Gli infermieri dovranno essere sempre più co-protagonisti dei diversi provvedimenti e più in generale delle scelte che riguardano il diritto alla Salute, facendo in modo di non rincorrere questo o quell’altro provvedimento per emendarlo. Si dovranno ascoltare istanze e richieste che in questo terribile periodo hanno avuto il loro riscontro sul campo.

Appena l’emergenza sarà terminata si dovrà necessariamente rivedere la consistenza degli organici: prima di COVID al tavolo dei fabbisogni ogni anno chiediamo di riservare alle lauree infermieristica circa il 15-20% dei posti in più rispetto a quelli chiesto dalle Regioni (sempre al ribasso prima dell’attuale situazione) e a quelli stabiliti dal ministero dell’università.

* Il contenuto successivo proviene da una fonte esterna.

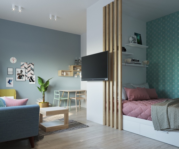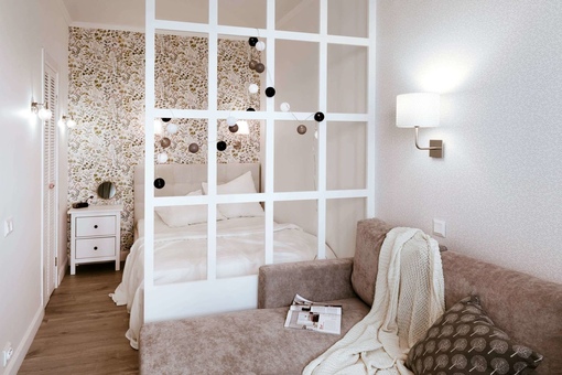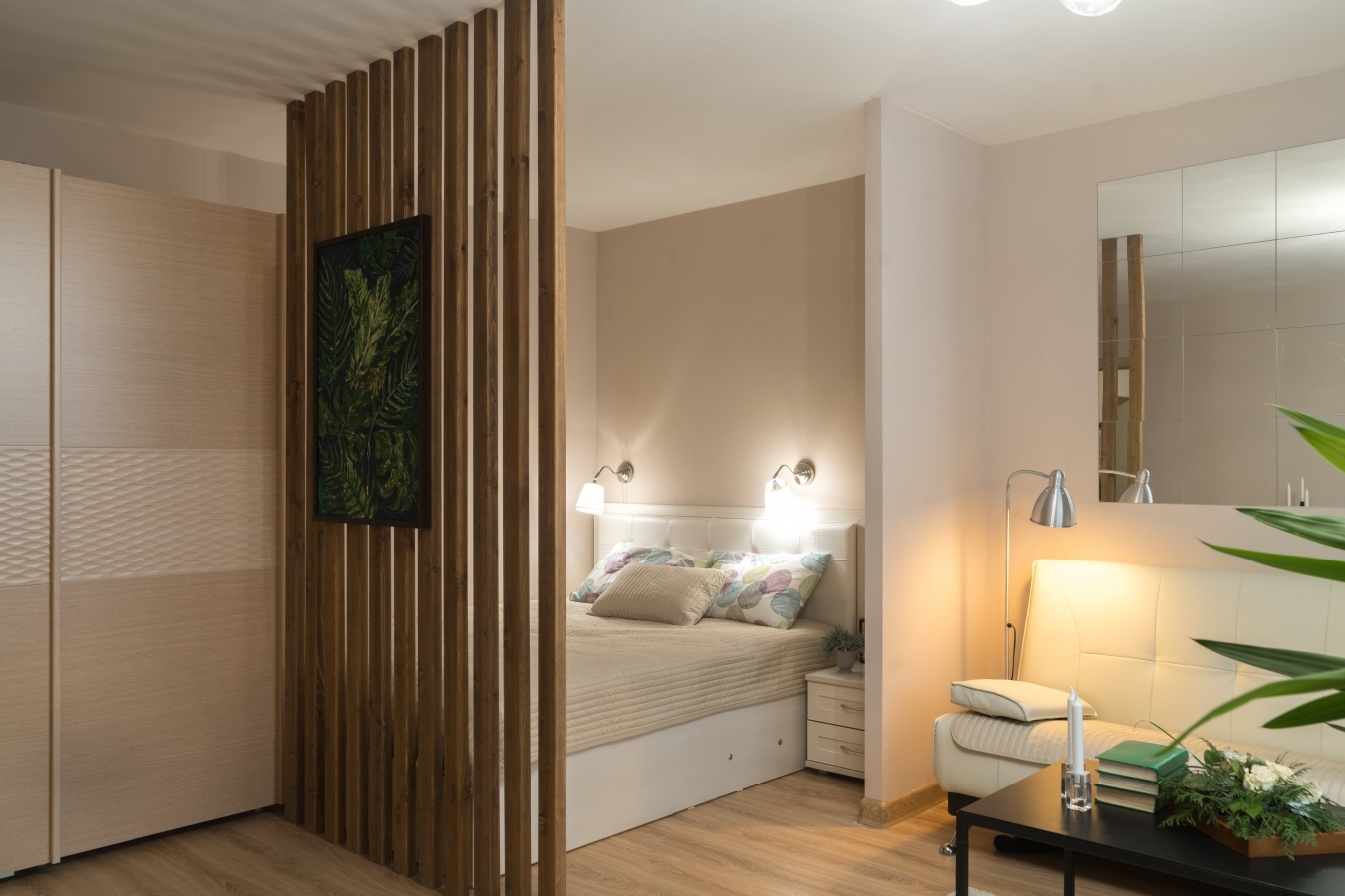 - Эффективное разделение комнаты на два помещения без необходимости установки сплошной перегородки.

Subito infermiere di famiglia e di comunità in tutte le Regioni.

Inoltre, dopo l’esperienza COVID appare chiara la richiesta, soprattutto per il territorio nel suo complesso, dove si sono visti purtroppo gli effetti della mancanza di professionisti in grado di assistere i cittadini come ad esempio gli anziani nelle RSA.

RSA dove la mortalità con COVD-19 è aumentata quasi del 50% rispetto alle rilevazioni dello stesso periodo dello scorso anno, con una concentrazione maggiore soprattutto al Nord e in particolare in Lombardia ed in Emilia Romagna dove i decessi legati a COVID.19 in queste strutture sono stati tra il 54 e il 57 per cento di quelli totali. Ma anche a domicilio, nuova “frontiera” dell’assistenza a COVID-19 proprio nella fase 2.

Poi da rivedere per gli infermieri saranno sia le retribuzioni che l’iter formativo, prevedendo specializzazioni infermieristiche che anche in questo caso si sono dimostrate necessarie nell’emergenza dove la stessa Protezione civile le ha chieste per la task force da destinare alle zone rosse. Specializzazioni per le quali oggi gli infermieri, che hanno oltre la laurea triennale quella quinquennale e i dottorati di ricerca, ricorrono a master anche riconosciuti, ma pure sempre master. Questi però sono discorsi che richiedono tempi poco più lunghi e anche il supporto fattivo dei sindacati.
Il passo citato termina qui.